▼▼▼

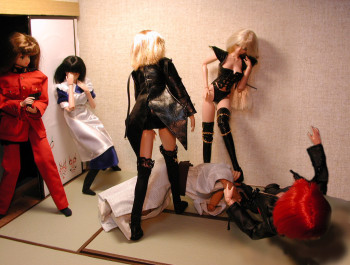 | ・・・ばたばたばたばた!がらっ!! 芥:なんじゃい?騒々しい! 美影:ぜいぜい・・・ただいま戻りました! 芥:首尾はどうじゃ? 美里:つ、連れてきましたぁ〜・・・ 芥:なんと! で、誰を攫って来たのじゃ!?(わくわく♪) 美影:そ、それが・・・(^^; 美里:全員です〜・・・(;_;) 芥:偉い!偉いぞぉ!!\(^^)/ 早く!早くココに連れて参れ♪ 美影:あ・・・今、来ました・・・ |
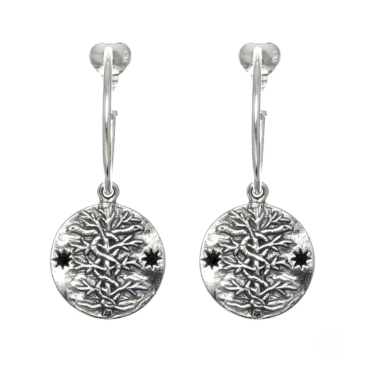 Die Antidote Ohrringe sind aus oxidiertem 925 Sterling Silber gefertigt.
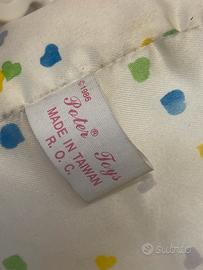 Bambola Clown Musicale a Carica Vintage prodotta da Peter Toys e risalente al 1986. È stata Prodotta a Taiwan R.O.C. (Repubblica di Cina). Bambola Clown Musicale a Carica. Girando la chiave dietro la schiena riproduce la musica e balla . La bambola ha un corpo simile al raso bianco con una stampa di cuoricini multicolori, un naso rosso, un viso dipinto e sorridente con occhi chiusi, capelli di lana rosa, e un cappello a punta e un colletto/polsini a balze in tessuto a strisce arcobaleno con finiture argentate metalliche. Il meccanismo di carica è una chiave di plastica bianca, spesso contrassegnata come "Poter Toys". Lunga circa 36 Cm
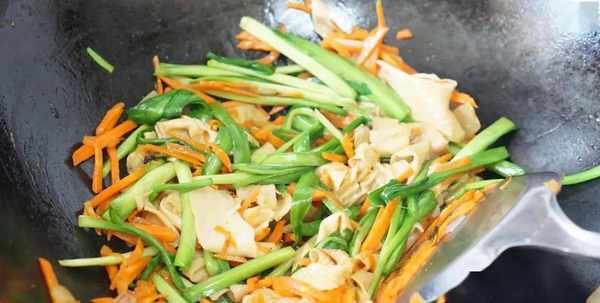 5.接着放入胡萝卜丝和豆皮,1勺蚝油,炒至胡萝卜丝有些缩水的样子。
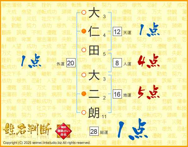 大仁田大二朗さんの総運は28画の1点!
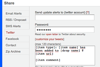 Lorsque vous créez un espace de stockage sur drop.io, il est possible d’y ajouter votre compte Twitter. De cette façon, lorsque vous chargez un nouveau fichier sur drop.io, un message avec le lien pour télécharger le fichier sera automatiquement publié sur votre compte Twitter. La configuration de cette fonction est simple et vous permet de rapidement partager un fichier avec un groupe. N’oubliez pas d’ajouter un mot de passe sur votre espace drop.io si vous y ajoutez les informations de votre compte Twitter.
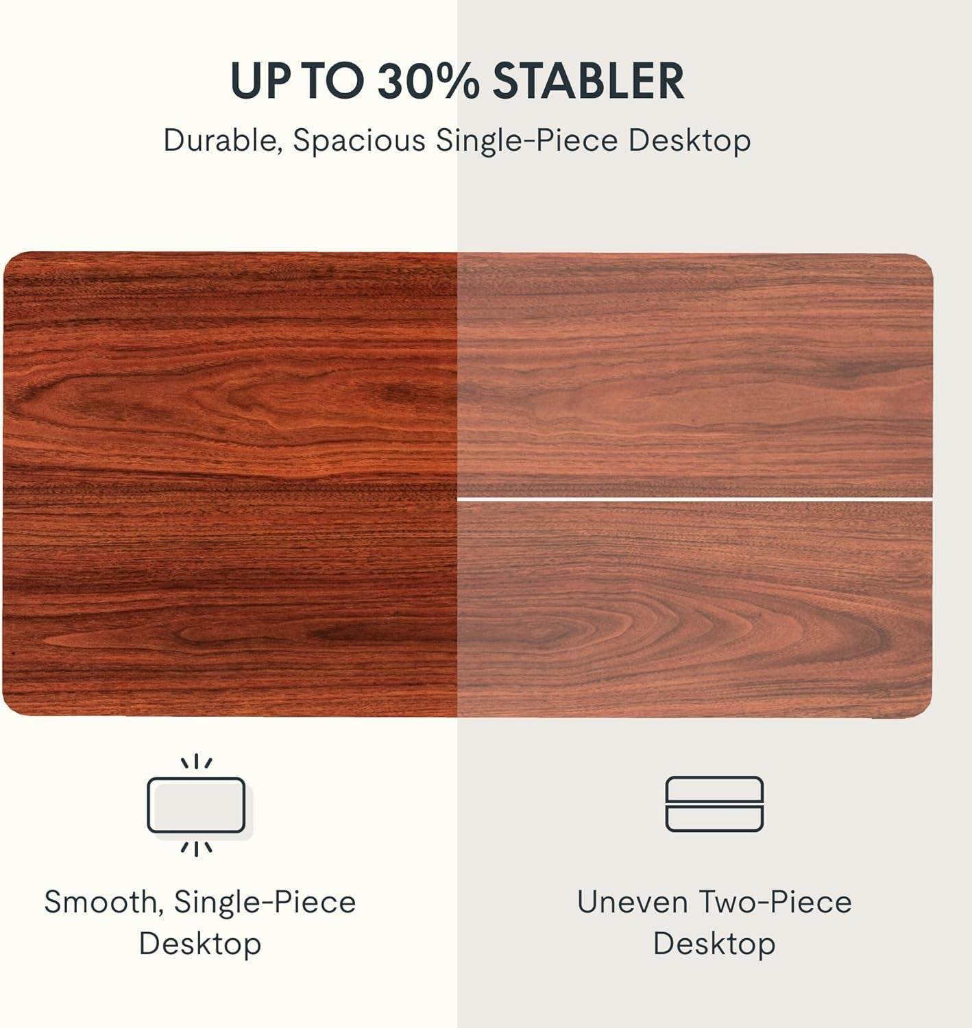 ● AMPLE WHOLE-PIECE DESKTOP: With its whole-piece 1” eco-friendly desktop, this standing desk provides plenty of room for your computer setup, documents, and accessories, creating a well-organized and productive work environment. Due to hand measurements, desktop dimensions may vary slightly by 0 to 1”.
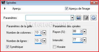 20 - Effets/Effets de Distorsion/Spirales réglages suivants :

▲▲▲

■ **WHAT YOU SHOULD DO**
In the listing, find the line with "Lorsque vous créez" and retype exactly from there through the last line, both included, leaving the pictures out.

■ **EXERCISE OUTPUT**
 Lorsque vous créez un espace de stockage sur drop.io, il est possible d’y ajouter votre compte Twitter. De cette façon, lorsque vous chargez un nouveau fichier sur drop.io, un message avec le lien pour télécharger le fichier sera automatiquement publié sur votre compte Twitter. La configuration de cette fonction est simple et vous permet de rapidement partager un fichier avec un groupe. N’oubliez pas d’ajouter un mot de passe sur votre espace drop.io si vous y ajoutez les informations de votre compte Twitter.
 ● AMPLE WHOLE-PIECE DESKTOP: With its whole-piece 1” eco-friendly desktop, this standing desk provides plenty of room for your computer setup, documents, and accessories, creating a well-organized and productive work environment. Due to hand measurements, desktop dimensions may vary slightly by 0 to 1”.
 20 - Effets/Effets de Distorsion/Spirales réglages suivants :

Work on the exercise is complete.